### Requirement
Looking at the listing below, retype exactly the lines starting at the one containing "и привокзальных буфетах." and ending at the one containing "The second survey", both included, and nothing else.

### Records for this exercise
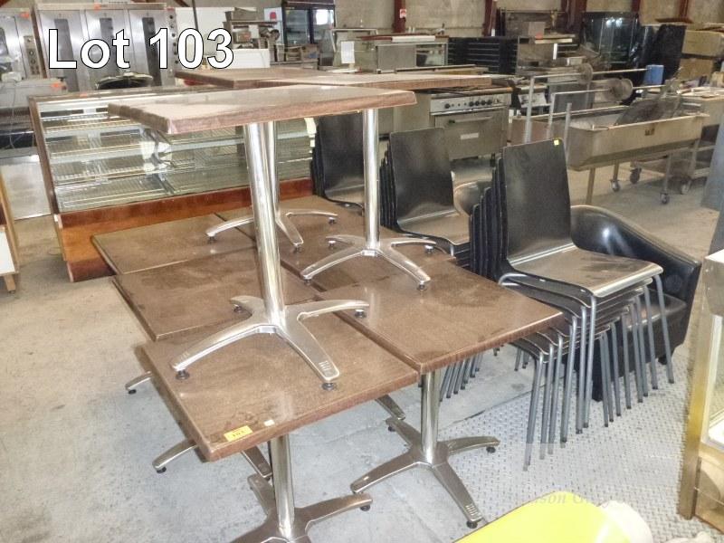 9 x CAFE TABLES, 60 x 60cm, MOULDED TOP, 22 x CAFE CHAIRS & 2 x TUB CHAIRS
...
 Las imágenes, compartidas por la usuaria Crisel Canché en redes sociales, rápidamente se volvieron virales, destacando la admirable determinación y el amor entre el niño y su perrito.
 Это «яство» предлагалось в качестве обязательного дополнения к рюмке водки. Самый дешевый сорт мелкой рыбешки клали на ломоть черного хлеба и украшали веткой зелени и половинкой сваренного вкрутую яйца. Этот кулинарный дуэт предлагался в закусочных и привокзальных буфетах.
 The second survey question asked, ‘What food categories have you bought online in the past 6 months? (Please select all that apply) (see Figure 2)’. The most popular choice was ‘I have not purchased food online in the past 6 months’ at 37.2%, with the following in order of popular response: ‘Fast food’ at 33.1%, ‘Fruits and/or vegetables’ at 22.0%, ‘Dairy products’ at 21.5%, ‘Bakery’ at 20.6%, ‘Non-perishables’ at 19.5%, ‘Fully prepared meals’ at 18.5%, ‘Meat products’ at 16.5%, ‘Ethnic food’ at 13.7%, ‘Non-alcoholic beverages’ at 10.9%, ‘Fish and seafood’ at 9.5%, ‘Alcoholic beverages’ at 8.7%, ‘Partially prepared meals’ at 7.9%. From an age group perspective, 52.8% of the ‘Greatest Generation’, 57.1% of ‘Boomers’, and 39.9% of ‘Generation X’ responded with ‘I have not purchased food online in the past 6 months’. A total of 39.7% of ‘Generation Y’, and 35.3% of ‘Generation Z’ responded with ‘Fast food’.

### Response to the task
 Это «яство» предлагалось в качестве обязательного дополнения к рюмке водки. Самый дешевый сорт мелкой рыбешки клали на ломоть черного хлеба и украшали веткой зелени и половинкой сваренного вкрутую яйца. Этот кулинарный дуэт предлагался в закусочных и привокзальных буфетах.
 The second survey question asked, ‘What food categories have you bought online in the past 6 months? (Please select all that apply) (see Figure 2)’. The most popular choice was ‘I have not purchased food online in the past 6 months’ at 37.2%, with the following in order of popular response: ‘Fast food’ at 33.1%, ‘Fruits and/or vegetables’ at 22.0%, ‘Dairy products’ at 21.5%, ‘Bakery’ at 20.6%, ‘Non-perishables’ at 19.5%, ‘Fully prepared meals’ at 18.5%, ‘Meat products’ at 16.5%, ‘Ethnic food’ at 13.7%, ‘Non-alcoholic beverages’ at 10.9%, ‘Fish and seafood’ at 9.5%, ‘Alcoholic beverages’ at 8.7%, ‘Partially prepared meals’ at 7.9%. From an age group perspective, 52.8% of the ‘Greatest Generation’, 57.1% of ‘Boomers’, and 39.9% of ‘Generation X’ responded with ‘I have not purchased food online in the past 6 months’. A total of 39.7% of ‘Generation Y’, and 35.3% of ‘Generation Z’ responded with ‘Fast food’.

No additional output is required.